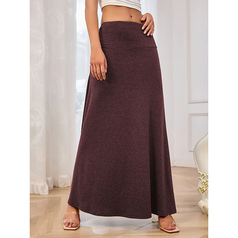 Women's Skirt A Line Fashion Casual Maxi High Waist Skirts Plain Knitting Stretchy Street Daily Wine Sage Green Black Army Green Spring Knit Polyester
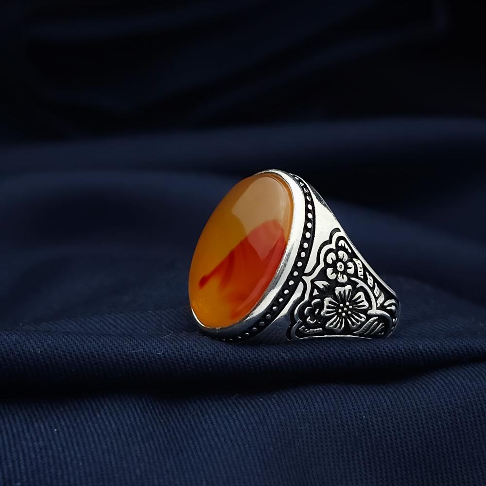 عقيق يماني طبيعي يعطي الخاتم لمسة فاخرة وأصيلة.
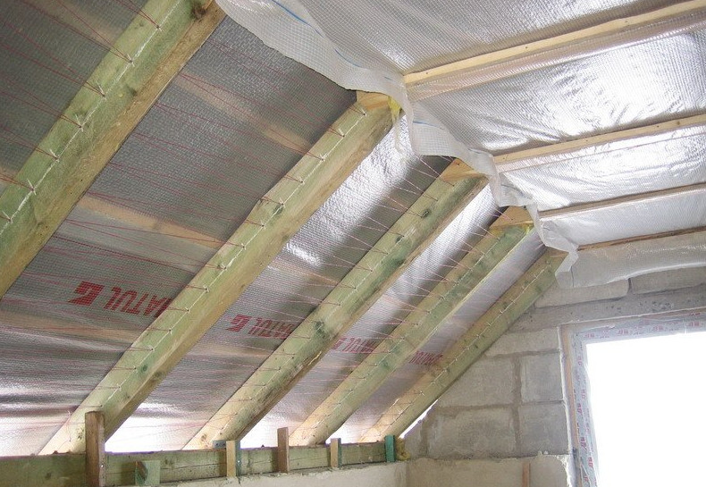 Плиты укладывают плотно, а затем набивают на стропила бруски под пароизоляцию
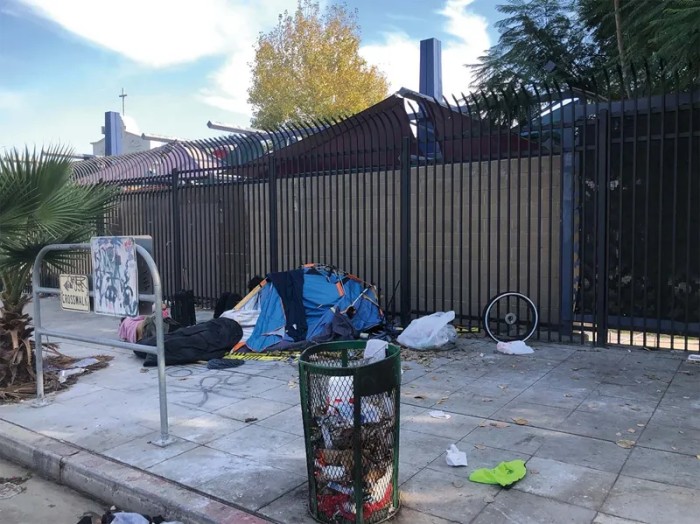 图为2023年12月25日,圣诞节,美国加州洛杉矶街头无家可归者的一处帐篷。(钟梅摄)
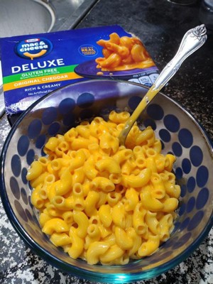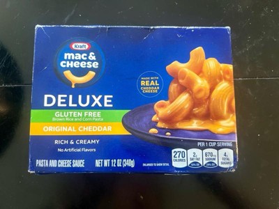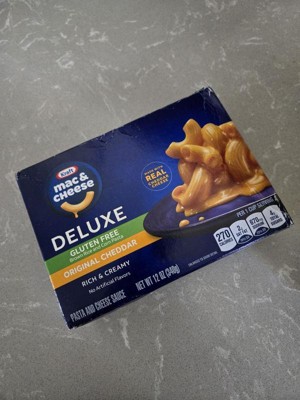 [This review was collected as part of a promotion.] I received a free box of the Kraft deluxe gluten free Mac and cheese thanks to Kraft and Influenster. My honest review is extremely positive and I plan on buying this Mac and cheese regularly. It was in the flavor original cheddar. It was a bit salty like any box mix but the cheese flavor was good. It was rich and creamy and incredibly easy to prepare. Now the part that really matters which is the gluten free noodles. They had awesome structure and held up, not mushy not chewy, just right. You couldn't tell they were gluten free which is exciting. I'd highly recommend this product.
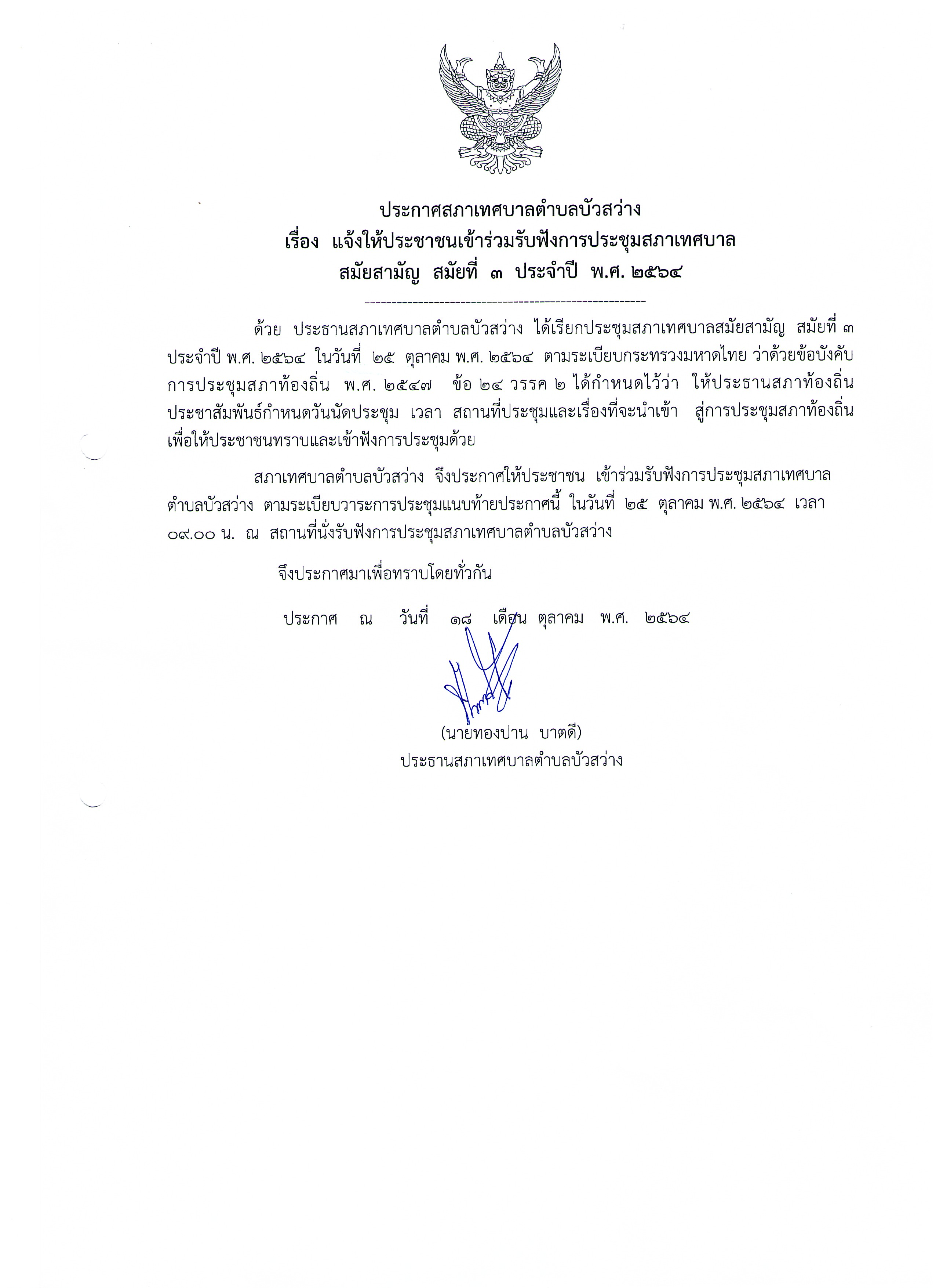 ประกาศเทศบาลตำบลบัวสว่าง เรื่อง แจ้งให้ประชาชนเข้าร่วมรับฟังการประชุมสภาเทศบาล สมัยสามัญ สมัยที่ 3 ประจำปี พ.ศ. 2564

━━━━━━━━━━━━━━━━━━━━━━━━━━━━━━

→ **About this task**
Take the line containing "Плиты укладывают плотно, а" and every line after it up to the end of the entries, and quote them exactly. Both ends count; the pictures do not.

→ **Response for this exercise**
 Плиты укладывают плотно, а затем набивают на стропила бруски под пароизоляцию
 图为2023年12月25日,圣诞节,美国加州洛杉矶街头无家可归者的一处帐篷。(钟梅摄)
 [This review was collected as part of a promotion.] I received a free box of the Kraft deluxe gluten free Mac and cheese thanks to Kraft and Influenster. My honest review is extremely positive and I plan on buying this Mac and cheese regularly. It was in the flavor original cheddar. It was a bit salty like any box mix but the cheese flavor was good. It was rich and creamy and incredibly easy to prepare. Now the part that really matters which is the gluten free noodles. They had awesome structure and held up, not mushy not chewy, just right. You couldn't tell they were gluten free which is exciting. I'd highly recommend this product.
 ประกาศเทศบาลตำบลบัวสว่าง เรื่อง แจ้งให้ประชาชนเข้าร่วมรับฟังการประชุมสภาเทศบาล สมัยสามัญ สมัยที่ 3 ประจำปี พ.ศ. 2564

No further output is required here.